Google is set to launch the next major version of Android in the third quarter of 2018. Code-named Android P (for now), the update is expected to bring more notification changes, native support for phones with dual cameras and/or notches in the display, and much more.
One new feature Google hasn’t publicly disclosed is a change in the way recent apps/multitasking works. But according to 9to5Google, the Android Recents user interface is getting a major overhaul.
First up, it looks like Google is going to show recent apps as a group of horizontal cards you can swipe through, rather than the current vertical stack. This should give you a bigger preview of recently used applications, but otherwise the menu will work pretty much the same: you can swipe between cards to switch tasks or swipe up to remove an app from the list of recents.
Second, and more surprisingly, it looks like Google is getting rid of the dedicated Recents button.
Instead, users will be able to launch the recent apps menu by swiping up on the new home button (which 9to5Google describes as a “pill icon”).
That means you just get two buttons: home and back. It looks a little off balance, to my eyes, since the home button is still in the center and the back button to the left.
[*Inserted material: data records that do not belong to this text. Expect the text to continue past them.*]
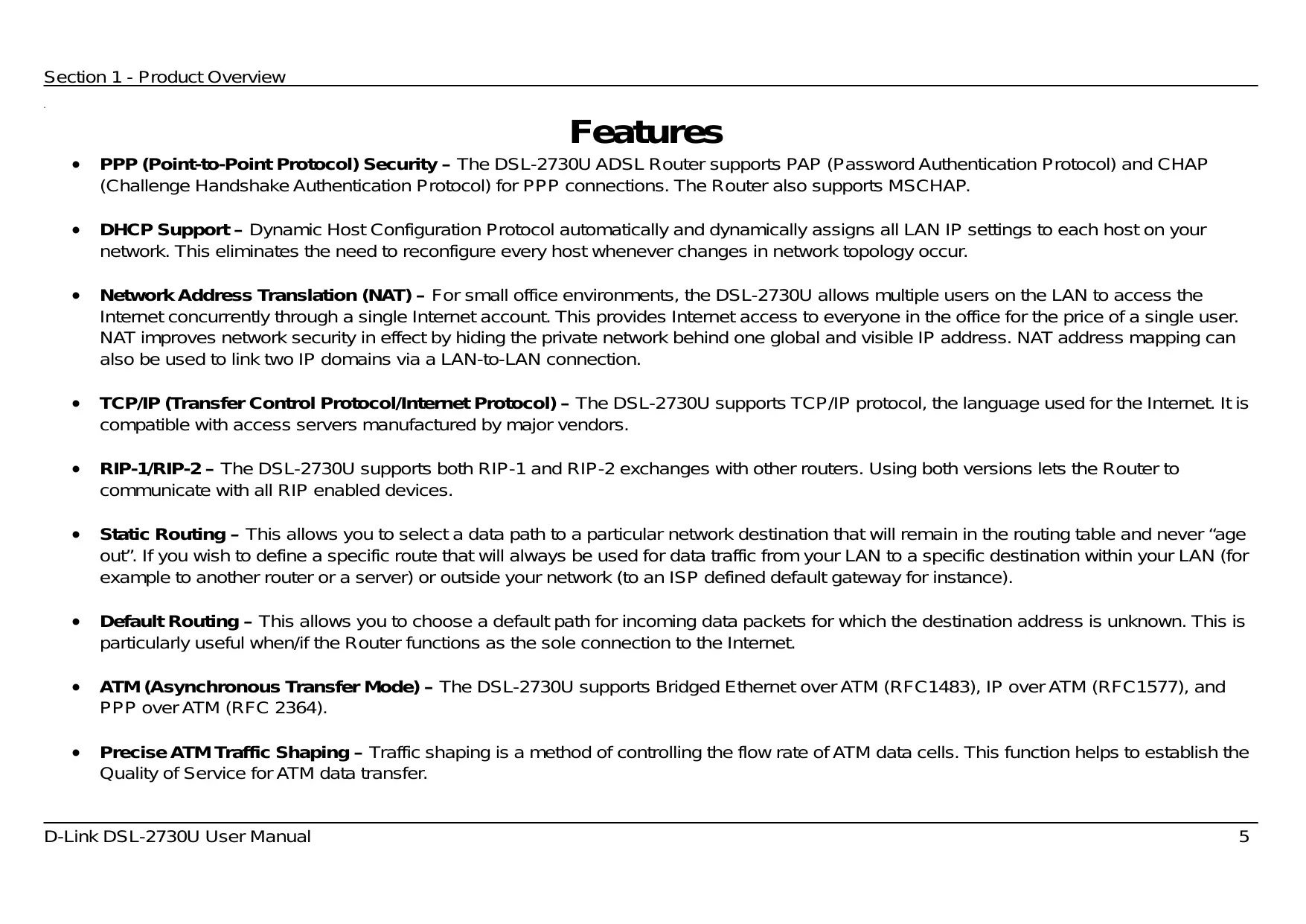 ATM (Asynchronous Transfer Mode) – The DSL-2730U supports Bridged Ethernet over ATM (RFC1483), IP over ATM (RFC1577), and PPP over ATM (RFC 2364).
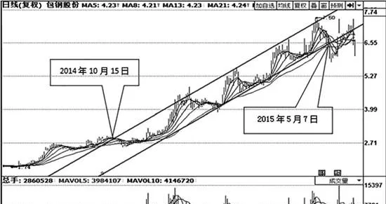 如上图所示,包钢股份(600010)。包钢股份的股价自2014年10月15日开始进入震荡上升周期。在上涨过程中,该股股价始终处于上升通道线区域内。股价快速上涨时,遇通道线上轨后回调;股价回调时,遇通道线下轨反弹向上,直至2015年5月7日股价跌破通道线。
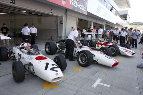 這場盛會從賽車場外就有許多展示安排,舉凡像是曾在鈴鹿締造輝煌戰果的各級距經典賽車展示、車廠御用改裝展示、主舞台F1明星車手脫口秀、零配件展售與日本汽車史過去五十年間的各廠牌經典老車展示等,就已讓人大大滿足沉浸在Motorsports賽車運動的樂趣當中!場內表演活動肯定更是精彩!首先,遠從Twin Ring Motegi賽場鄰近Honda Collection Hall運來做動態走行展示的幾部1960年代F1賽車,其經過專業技師群花費無數心血照顧整理後的車況幾乎新到讓人瞠目結舌!近距離觀看引擎室周遭幾乎沒有一絲髒汙油氣,連排氣管尾出都乾淨到發亮!尤其當筆者站在Pit前感受到車輛發動後的巨幅聲響後,心中更感動到幾乎要掉下眼淚…
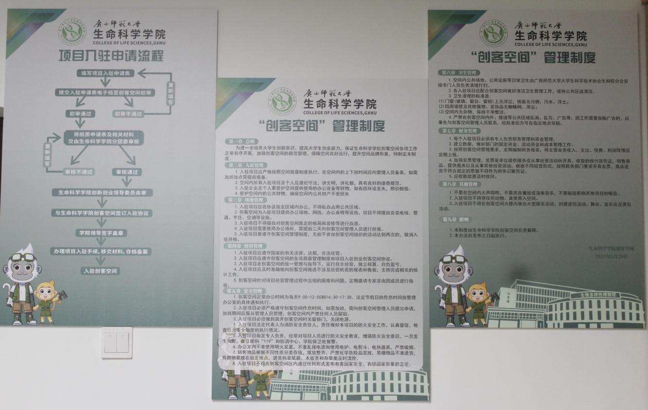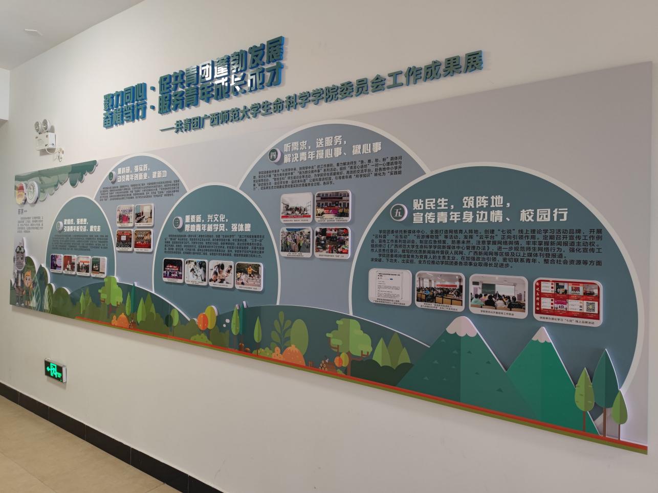 在团属活动阵地的升级建设当中,生命科学学院团委始终秉承“以党建带团建,以团建促党建”工作理念,坚持聚焦主责抓引领、全面从严带队伍、围绕中心作贡献、服务青年建机制,打造出多处如教学科研平台、社会服务等以文化墙为主要载体工作成果展示区域。同时,团属阵地也升级打造了生命科学学院“创客空间”,展示了学院创新创业人才培养工作的开展情况。
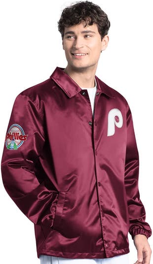 Look the part from the dugout to the stands with this Philadelphia Phillies Cooperstown Collection Point Man Full-Snap Coaches Jacket from Starter. This lightweight jacket is perfect for mild temperatures, offering a stylish layer of warmth without feeling bulky. With its full snap closure and elastic cuffs, it provides a comfortable and adjustable fit for everyday wear for any Philadelphia Phillies supporter.
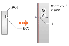 壁面に釘等を打ち込み、掛穴を掛けます。
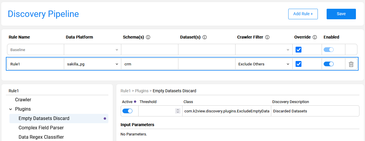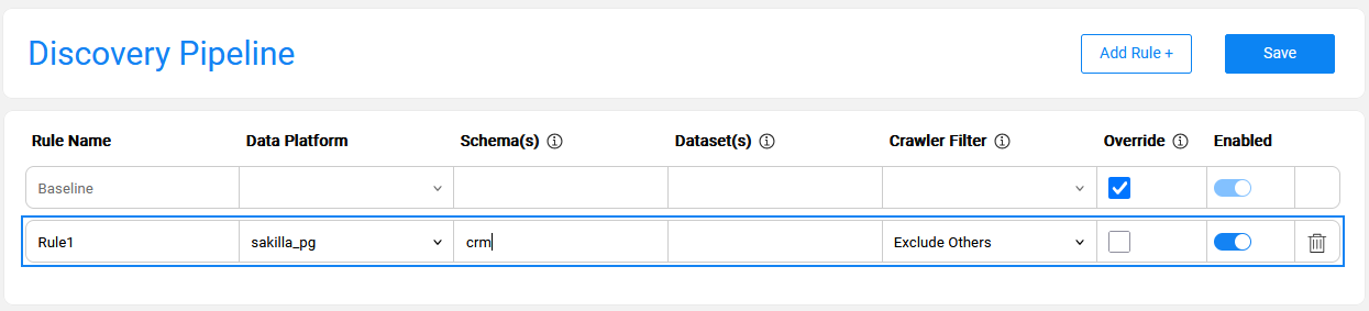 The below image presents a rule defined for sakilla_pg data platform and crm schema. The purpose of this rule is to limit the Discovery process to crm schema only, since sakilla_pg includes multiple schemas that are irrelevant for the current run. In addition to the filter, the rule also defines a baseline override by setting one of the inactive plugins to 'active'.
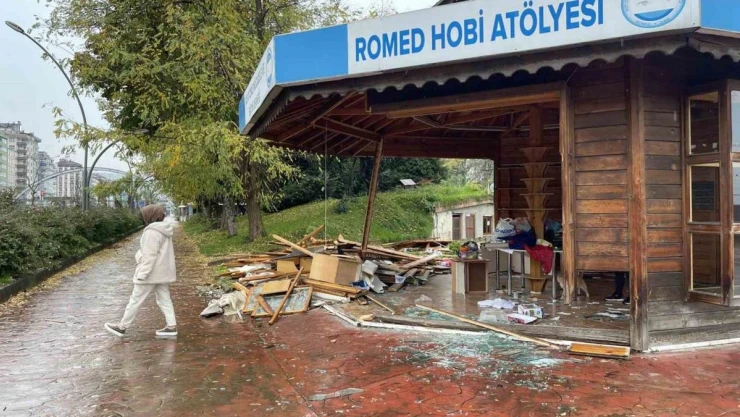 Rize'de otizmli öğrencilerin eğitim gördüğü ahşap hobi atölyesine çarpan araç hasara neden oldu
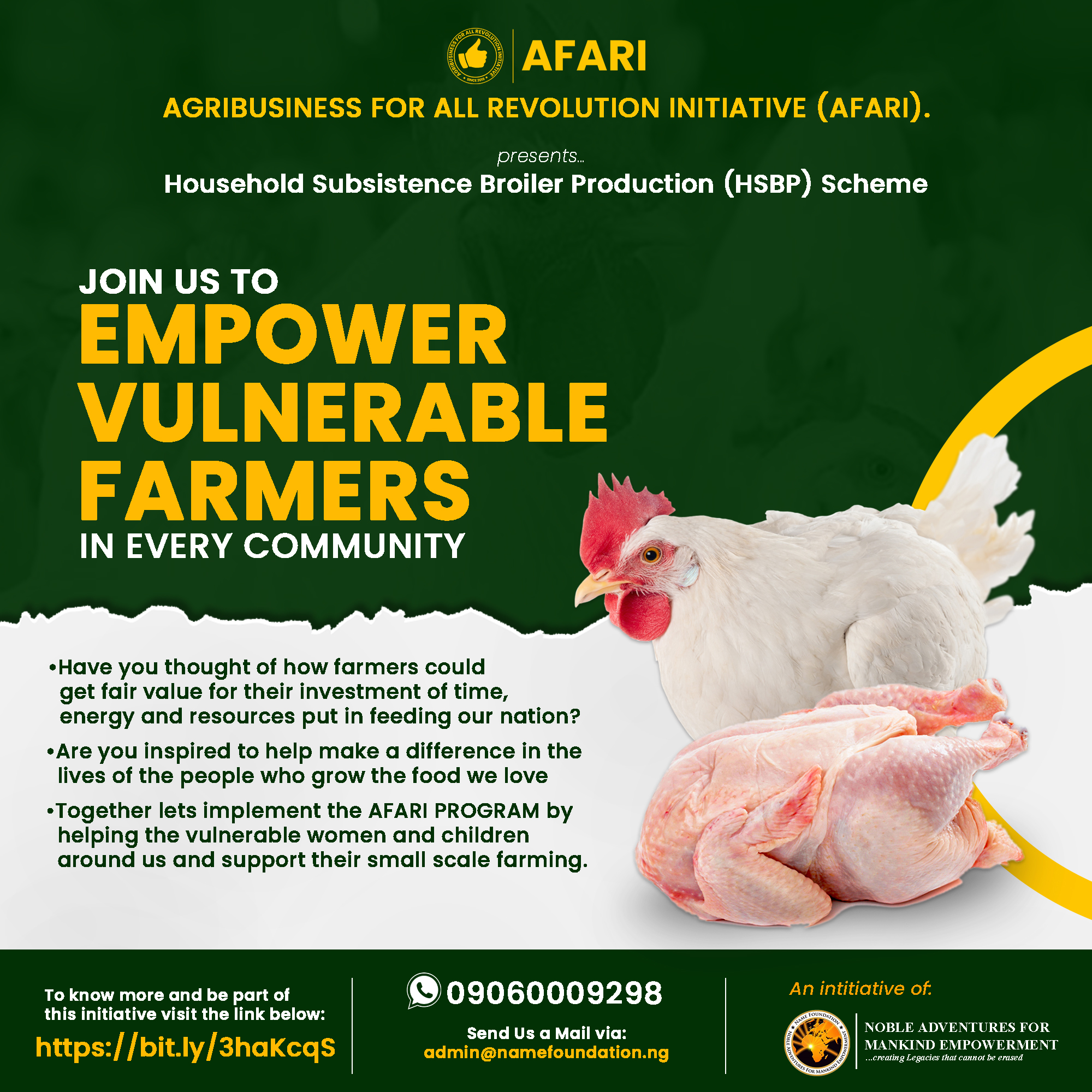 Are you interested in empowering vulnerable women. You can work with NAME Foundation to empower them through the AFARI program. You will nominate vulnerable women for the scheme and you could either fund their farms or guarantee the delivery of their matured chicken if they are founded by AFARI Investors. When you guarantee and fund, your investment will attract returns of about 1-2% per month.
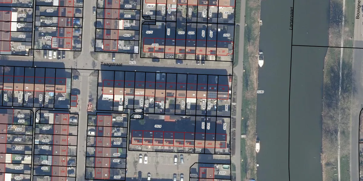 Het perceel waarop Taagstraat 30 staat heeft een oppervlakte van 130 m². Dit is een middelgroot perceel. De perceeloppervlakte wordt geregistreerd door het Kadaster. Gedetailleerde informatie over de maten van dit perceel kunt u vinden in het rapport Kadastrale kaart met maatvoering van Taagstraat 30.
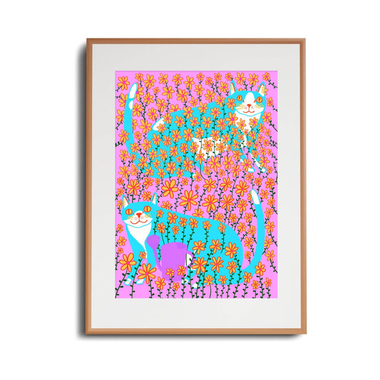Painted Vintage Cups and Saucers - Pink Cats and Flowers
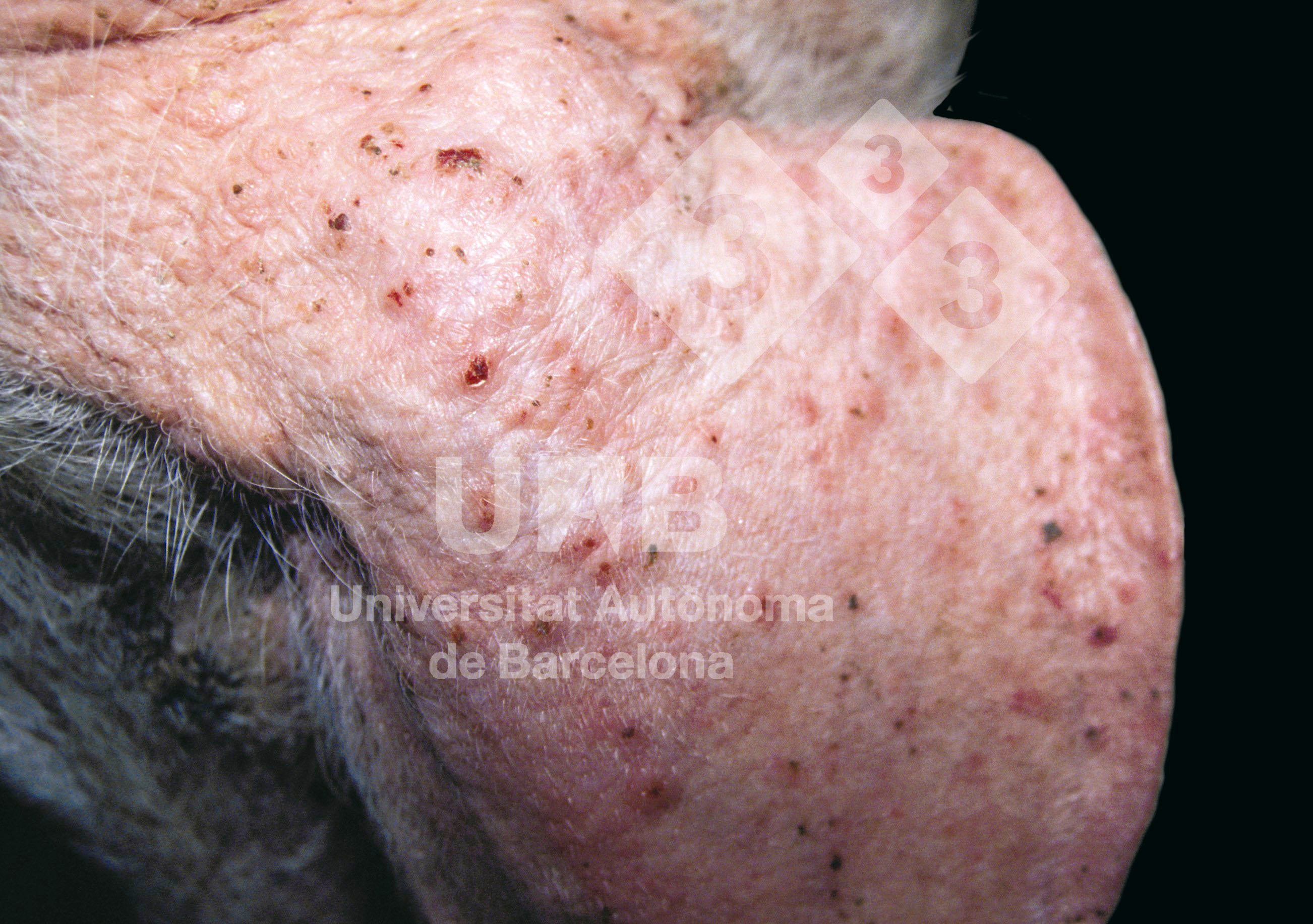Estas lesões multifocais, encarnadas, discretas e ligeiramente elevadas denominam-se pápulas e em geral associam-se às picadelas de insectos. As lesões cutêneas de mal rubro são eritematosas e em forma de diamante e as de PDNS têm áreas necróticas e crostas.
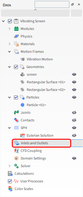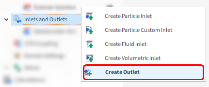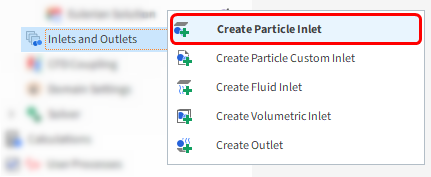 从Data面板中,右键单击Inlets and Outlets,然后选择Create Particle Inlet。
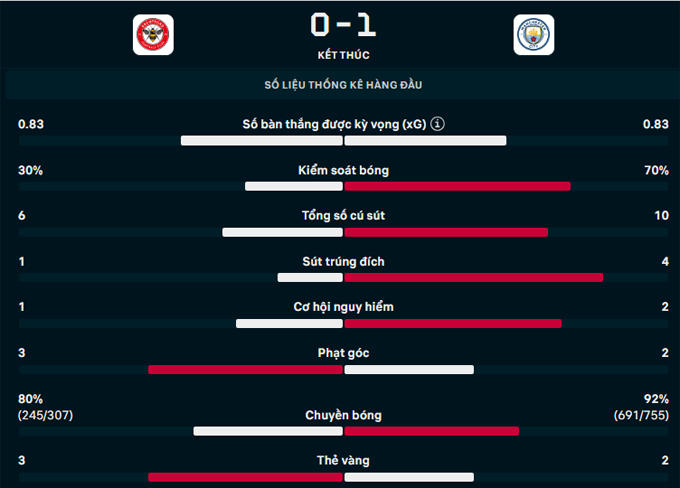 Chiến thắng giúp Man City tạm thu hẹp khoảng cách với nhóm đầu. Hiện Man City đang đứng thứ 5 trên BXH với 13 điểm sau 7 trận còn Brentford có mặt ở vị trí thứ 16 khi có 7 điểm.
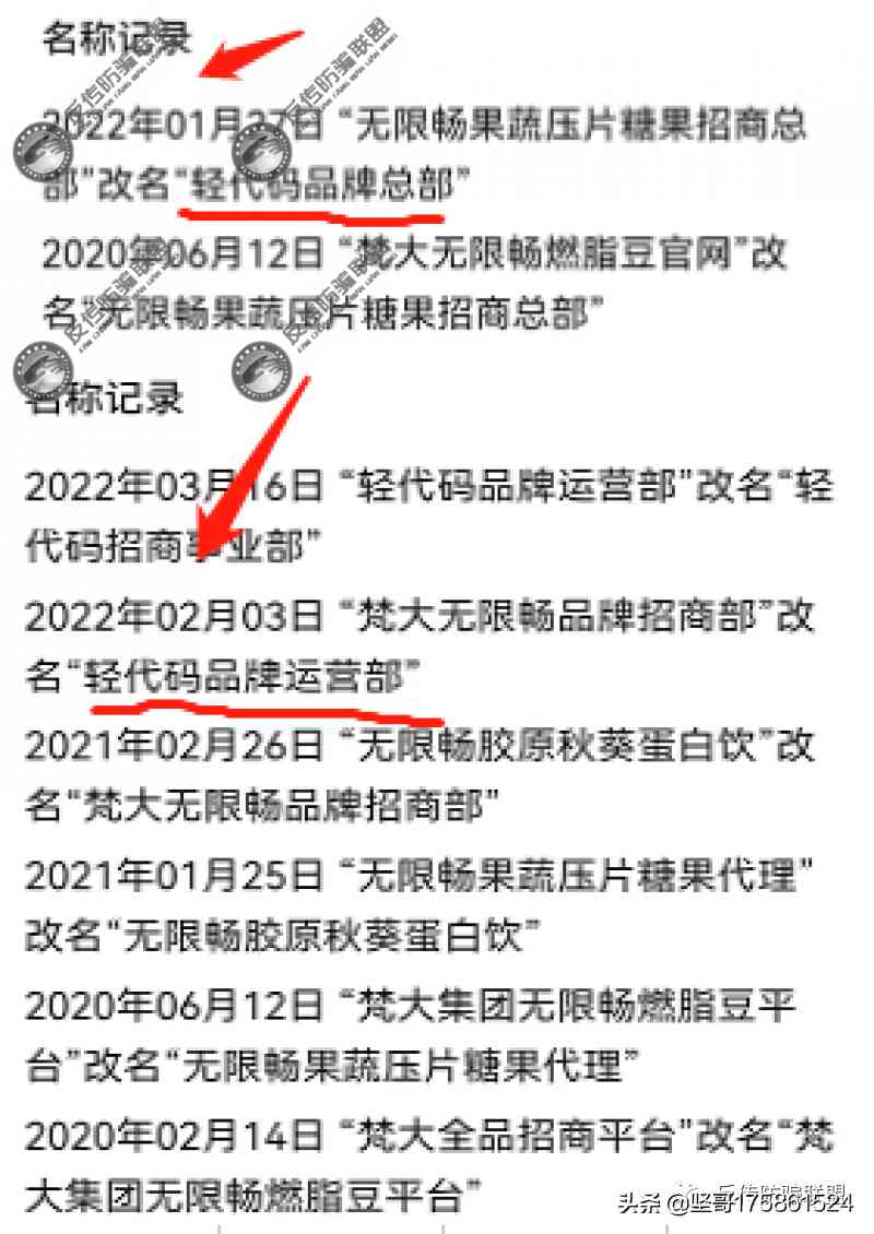 景甜代言无限畅翻车后,公司想到的不是纠正其错误,而是换个马甲重操旧业,让反传防骗联盟不得不感叹,还是处罚的太轻了!我们要清楚的记得梵大集团种种金蝉脱壳与倒打一耙的惯用伎俩,至于“轻代码”未来的发展会如何?是否继续我行我素不知悬崖勒马?其背后的梵大集团还会有什么新的动向?我们也将持续保持关注!
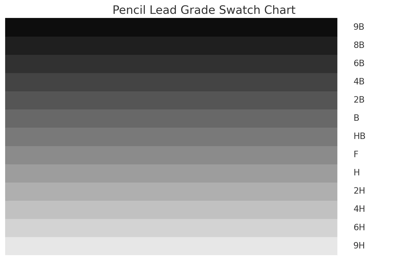 Some manufacturers extend the scale to extreme ends (e.g. 10H, 12B) to provide more granular tonal control for artists.

But the recents button reportedly goes away altogether when you’re at the home screen, which means the only button you’ll see is the new home/pill/recents button at the bottom of the screen.
It’s possible that this could be a first step toward Google eventually doing away with on-screen buttons altogether. The first Android phones had physical buttons below the screen. Eventually Google added virtual buttons to Android’s user interface, allowing phone makers to do away with the physical buttons, making it easier to use a phone or tablet when it’s in portrait, landscape, or any other mode (like when it’s rotated 180 degrees so the USB port is on the top instead of the bottom).
A move toward gesture-based navigation could be the next step, and one that would seem well-suited for the current moment, when a growing number of phone makers are releasing phones with slim bezels. If you don’t have much bezel to hold onto, you might accidentally hit an on-screen button just by holding your phone in your fingers. But if you need to make a specific gesture instead of just tapping a part of the display, it’s less likely that you’ll open the recent apps menu by accident.
That said, it looks like the home and back buttons aren’t going anywhere yet. So maybe Google has some other reason for eliminating the Recents key.
Or maybe this is just an experimental user interface that 9to5Google stumbled upon… and it’s one that may or may not end up in the final version of Android P that ships later this year.